Diagnostic dilemmas are constant here. This comes from the fact that to diagnose different diseases there are a limited number of tests available, and even those are made more limited by patients refusing to do the ones we desire. Most often they want tablets but not tests. The Nigerian patients that come here want both. They are a select few who have some money, are unsatisfied with their own medical system and come here because there is a foreign doctor. They frequently request ultrasound and x-rays because they feel that that is where their pain (“worry” as they describe it in Pidgin English) will be diagnosed. They often want to see where the wound is that hurts them inside.

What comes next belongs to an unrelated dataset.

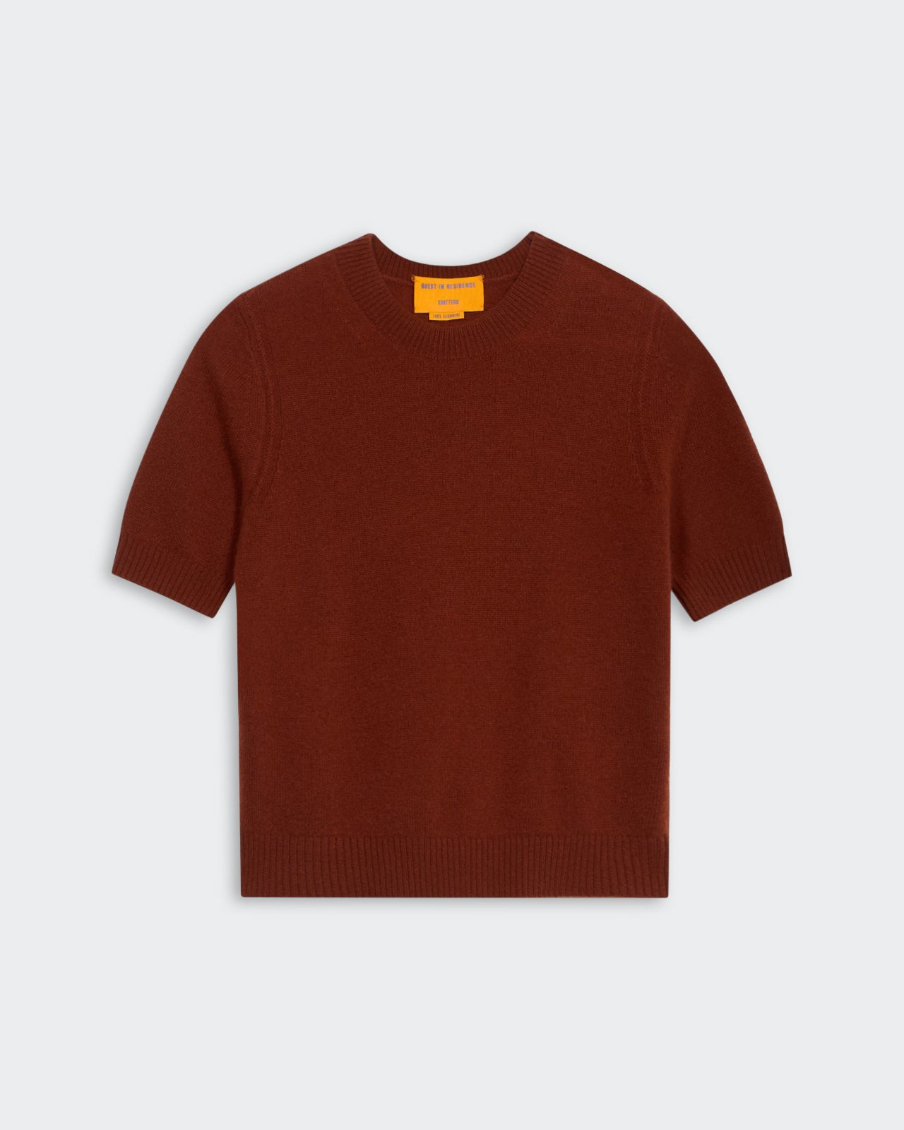 - Women's sizing, intended for a cropped, relaxed fit - LIGHT-WEIGHT JERSEY CREWNECK SWEATER TEE - RIB HEM, NECK, AND CUFF TRIM - ARMHOLE TUCK STITCH DETAIL - Signature GIR branding at center back - 100% CASHMERE - JULIA IS 5' 11" / 180 CM and is wearing a Small. - Premium cashmere sourced from inner Mongolia, manufactured in China

So an old, very thin (likely between 80 and 90 lbs) sees me in the office. She is deaf and mute. Her son talks to her with gestures, which make no sense to me at all. He somehow has deduced that she has pain in her chest. He says that she has had this for about three months. She has not had a cough but just pain. I listen to her chest and hear breath sounds on the left but very muffled ones on the right. I tap and hear a dull sound, she is full of fluid. I request an x-ray, and they agree and go to pay the $7 to get it. She is lucky because this day we happen to have electricity. It has been out every day for 1-10 hours for the past 5 days. The chest shows a complete white out on one side. I do a tap with a needle and find dark yellow fluid that the lab says has some gram + cocci in it. Infection? Contamination of specimen? It is unclear. But the fluid needs to be drained.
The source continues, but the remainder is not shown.